Tiap pemateri memiliki pandangan yang berbeda mengenai kesetaraan, walaupun memang ada beberapa yang nyaris mirip, akibatnya ketidaksetaraan tidak lagi menjadi satu konsep atau wacana, ia menjadi sebuah argumen yang lahir dari banyak orang. Namun dengan menilik persoalan tersebut hanya dari perspektif perempuan akan menanamkan kesadaran seolah-olah ketidaksetaran ini lahir dari maskulinitas laki-laki, bukan ketidak mampuan perempuan untuk bersaing, atau ketidakpercayaan perempuan pada sesama perempuan.
Tapi ternyata dalam praktik lapangan, kesetaraan ini memang tidak bisa dianggap remeh seperti teori-teori yang telah dijabarkan panjang lebar sampai kita menguap dan tertidur. Kenyataanya, ada banyak perempuan yang jauh lebih berkualitas dari pada laki-laki namun ditutup kesempatannya untuk mencoba dan memulai hanya karena pemikiran dangkal yang digantungkan pada jenis kelamin. Perempuan dihambat, ditolak, atau malah disingkirkan hanya karena dianggap tidak bisa mengambil keputusan secara rasional, padahal kemampuan berpikir murni bergantung pada kapasitas otak, bukan perbedaan alat kelamin antara yang rata dan yang menonjol.

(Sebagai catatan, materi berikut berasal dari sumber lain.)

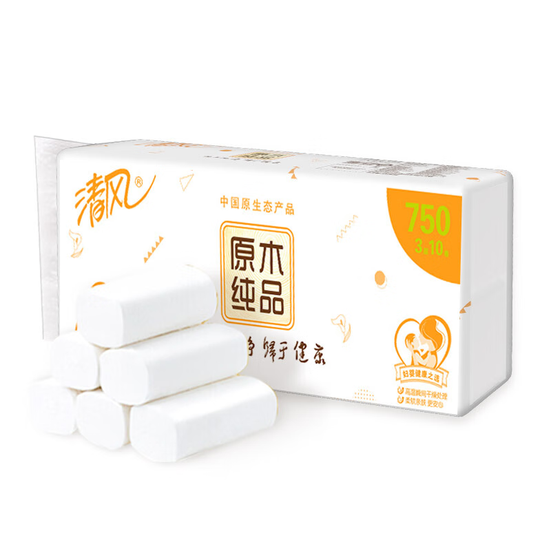 清风卷纸无芯原木原木纯品750g厕纸手纸卫生纸长卷纸巾家用实惠装卷筒纸家庭装 一提10卷

Mirisnya lagi, penilaian semacam ini juga tertanam pada perempuan. Diantara banyak pilihan yang bisa diambil, mereka memilih untuk meragukan golongannya sendiri; perempuan. Kualitas diri, kecakapan memimpin, dan kebijaksanaan tidak terikat pada seseorang hanya karena orang tersebut mampu mengangkat beban yang lebih banyak dari pada perempuan, hanya karena ia lebih jarang menangis dari pada perempuan, atau hanya karena ia tak perlu merasakan sakit seperti perempuan ketika menstruasi.
Sebagai perempuan saya rasa kita juga tak perlu menuntut kesataraan soal siapa yang seharusnya memimpin dalam rumah tangga, soal siapa yang lebih kuat mengangkat sebongkah batu besar, dan soal siapa yang lebih banyak berperan dalam pembuahan hingga sampai proses persalinan. Seharusnya memang tak menjadi soal kalau laki-laki lebih mampu mengangkat beban, pun demikian jika ternyata perempuan juga sama-sama mampu mengangkat beban tersebut. Yang menjadi soal adalah ketika kualiatas seseorang harus digantungkan pada jenis kelamin, sedangkan sejak awal kita tak pernah meminta dan menentukan dengan jenis kelamin apa kita akan lahir.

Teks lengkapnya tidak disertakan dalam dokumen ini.